Work request -> Every line below must come back exactly as it stands, with the images omitted.

====== Source data ======

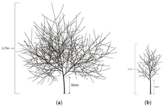 - Weber, J.; Penn, J. Creation and Rendering of Realistic Trees. In Proceedings of the 22nd Annual Conference on Computer Graphics and Interactive Techniques, SIGGRAPH ’95, Los Angeles, CA, USA, 6–11 August 1995; Association for Computing Machinery: New York, NY, USA, 1995; pp. 119–128. [Google Scholar] [CrossRef]
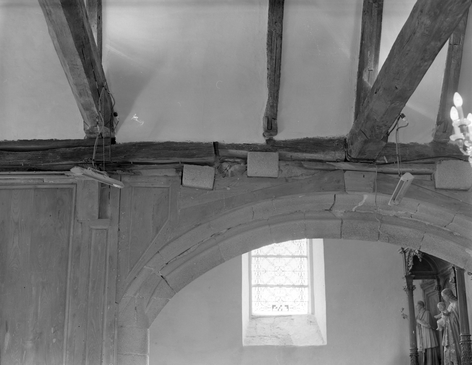 Vue intérieure, sablières et lambris de la nef, état vers 1980Immatriculation
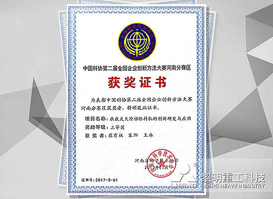 黎明重工榮膺第二屆全國企業(yè)創(chuàng)新方法大賽(河南賽區(qū))三等獎(jiǎng)
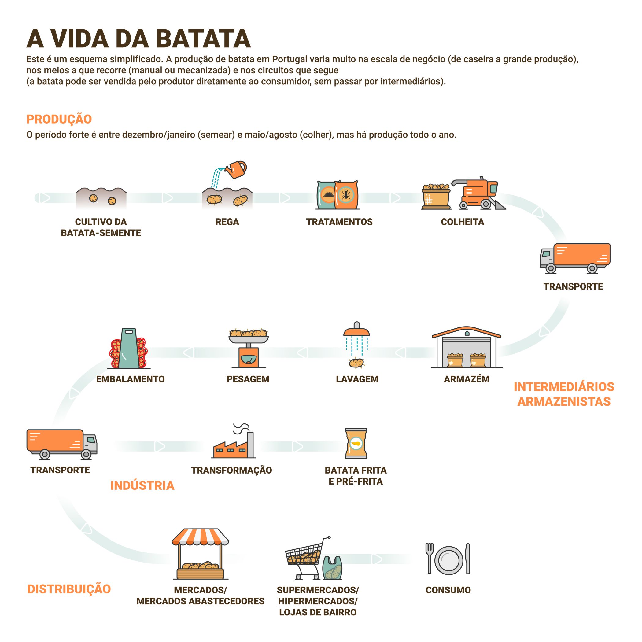 A verdade é que reconstituir o percurso do valor da batata desde a terra até ao prato não é tarefa fácil. Entre segredos do negócio, diferentes variedades de batata, pequena e grande produção, vários canais de escoamento, distribuição local ou de grande escala, é muito difícil dizer “esta batata, plantada neste local, custou X euros a ser produzida e foi vendida ao consumidor final a Y euros”.

======

Written response ->
 - Weber, J.; Penn, J. Creation and Rendering of Realistic Trees. In Proceedings of the 22nd Annual Conference on Computer Graphics and Interactive Techniques, SIGGRAPH ’95, Los Angeles, CA, USA, 6–11 August 1995; Association for Computing Machinery: New York, NY, USA, 1995; pp. 119–128. [Google Scholar] [CrossRef]
 Vue intérieure, sablières et lambris de la nef, état vers 1980Immatriculation
 黎明重工榮膺第二屆全國企業(yè)創(chuàng)新方法大賽(河南賽區(qū))三等獎(jiǎng)
 A verdade é que reconstituir o percurso do valor da batata desde a terra até ao prato não é tarefa fácil. Entre segredos do negócio, diferentes variedades de batata, pequena e grande produção, vários canais de escoamento, distribuição local ou de grande escala, é muito difícil dizer “esta batata, plantada neste local, custou X euros a ser produzida e foi vendida ao consumidor final a Y euros”.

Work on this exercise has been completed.